◆ Record set
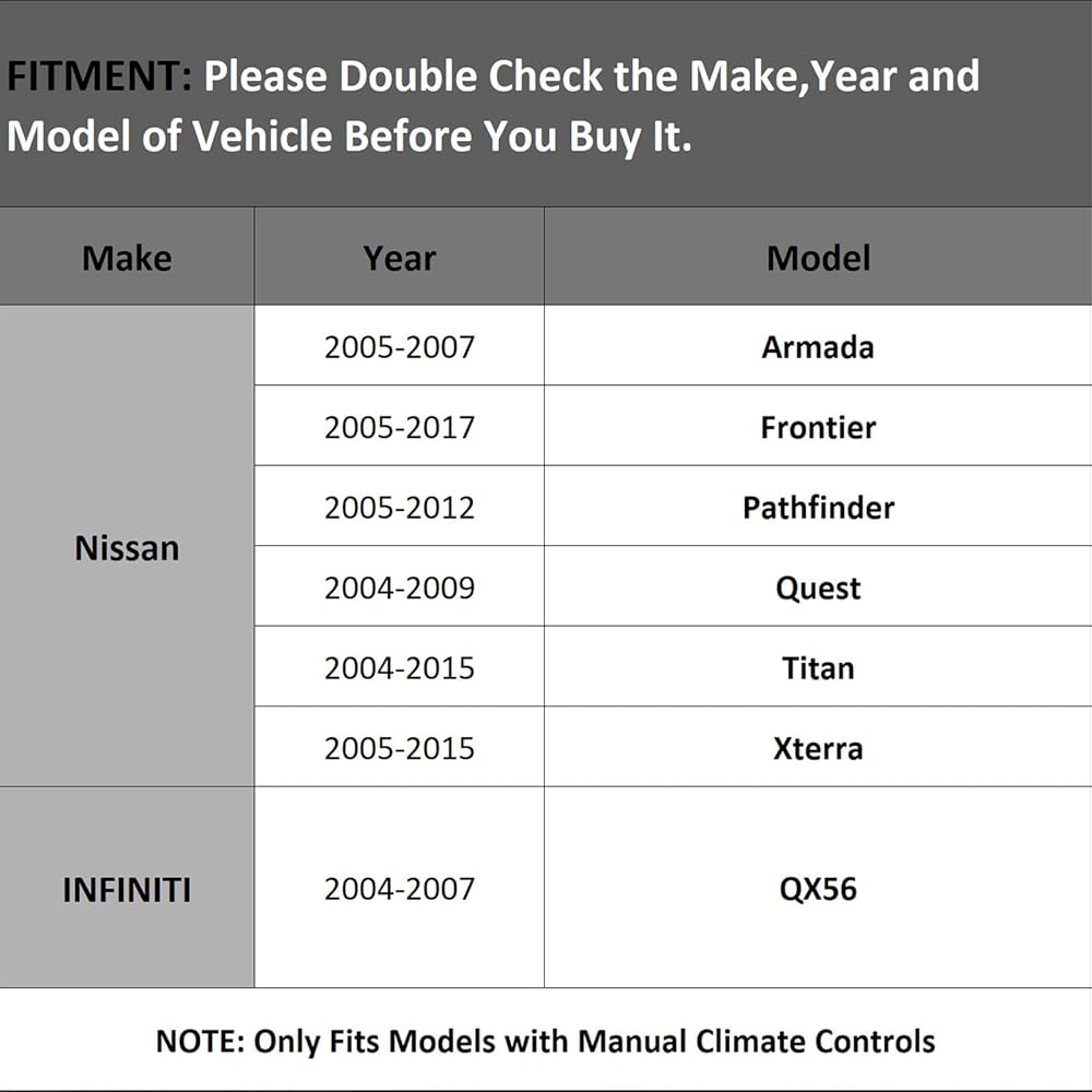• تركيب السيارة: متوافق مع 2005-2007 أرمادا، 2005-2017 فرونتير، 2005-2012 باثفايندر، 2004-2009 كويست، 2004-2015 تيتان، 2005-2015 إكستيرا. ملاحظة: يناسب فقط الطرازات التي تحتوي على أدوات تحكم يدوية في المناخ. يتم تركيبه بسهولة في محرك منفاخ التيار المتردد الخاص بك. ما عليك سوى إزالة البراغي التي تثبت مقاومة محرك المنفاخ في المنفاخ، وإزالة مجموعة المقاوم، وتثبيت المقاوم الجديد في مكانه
...
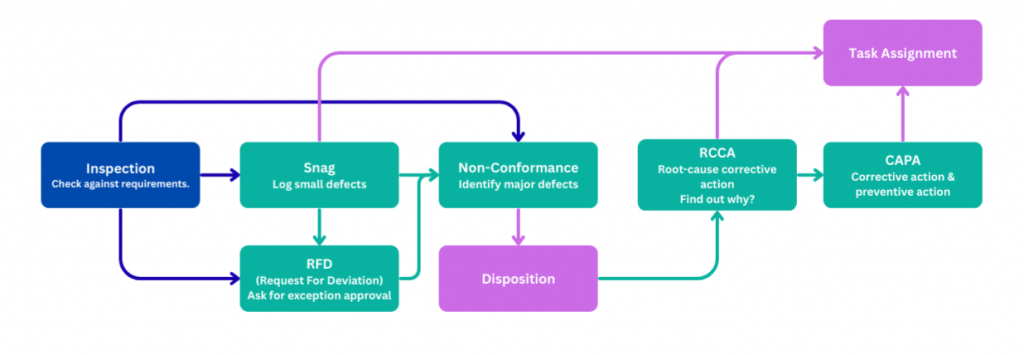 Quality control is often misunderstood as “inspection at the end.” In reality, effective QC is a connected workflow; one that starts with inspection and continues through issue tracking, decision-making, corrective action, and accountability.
...
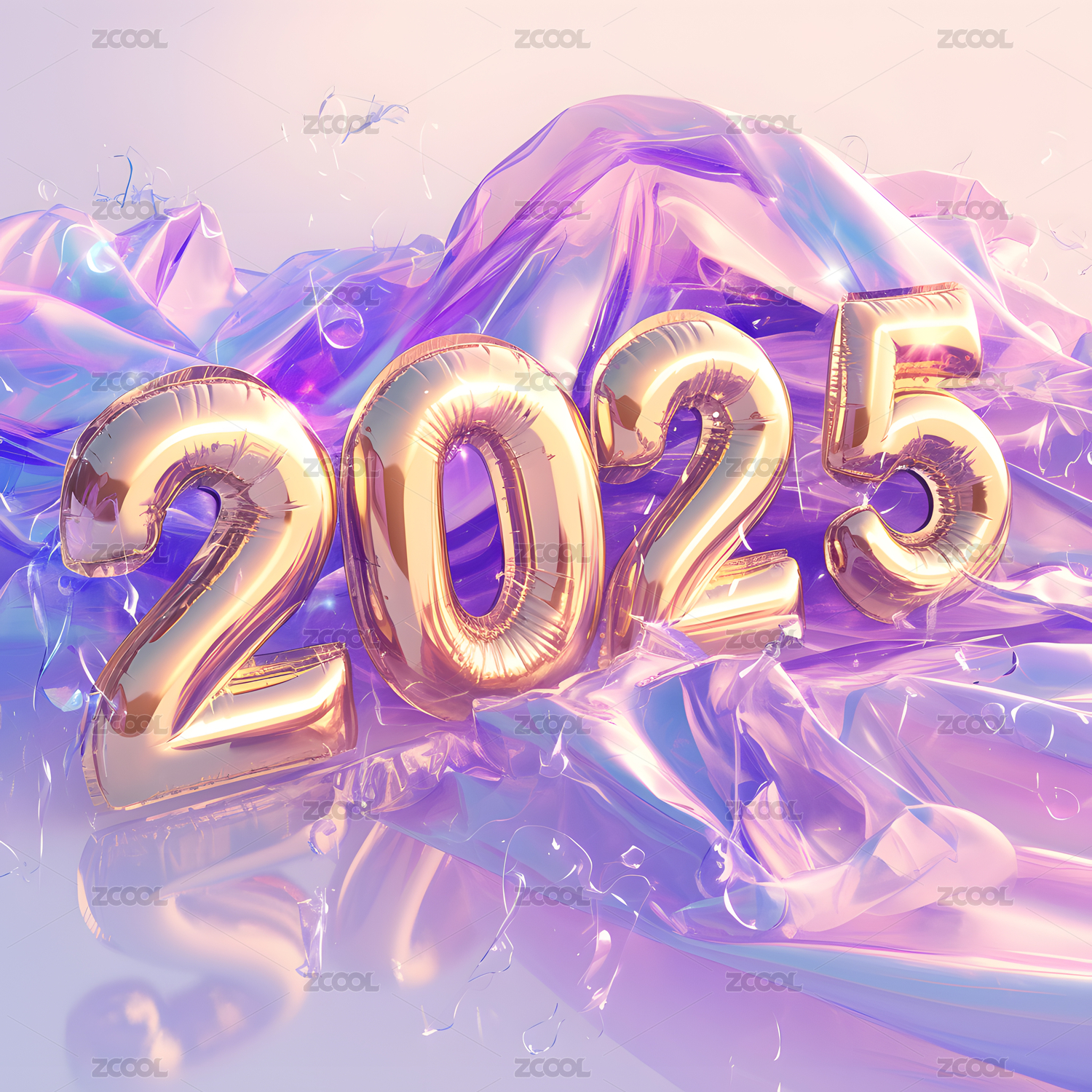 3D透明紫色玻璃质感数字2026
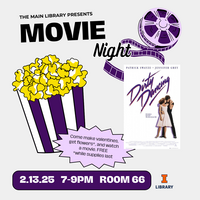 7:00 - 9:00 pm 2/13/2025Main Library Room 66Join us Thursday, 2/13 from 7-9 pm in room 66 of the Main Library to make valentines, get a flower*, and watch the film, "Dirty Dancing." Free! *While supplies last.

◆ What is required
Only one stretch of the data is wanted: write out exactly the lines from the one holding "3D透明紫色玻璃质感数字2026" through the one holding "7:00 - 9:00", both included, without the pictures.

◆ Solved exercise
 3D透明紫色玻璃质感数字2026
 7:00 - 9:00 pm 2/13/2025Main Library Room 66Join us Thursday, 2/13 from 7-9 pm in room 66 of the Main Library to make valentines, get a flower*, and watch the film, "Dirty Dancing." Free! *While supplies last.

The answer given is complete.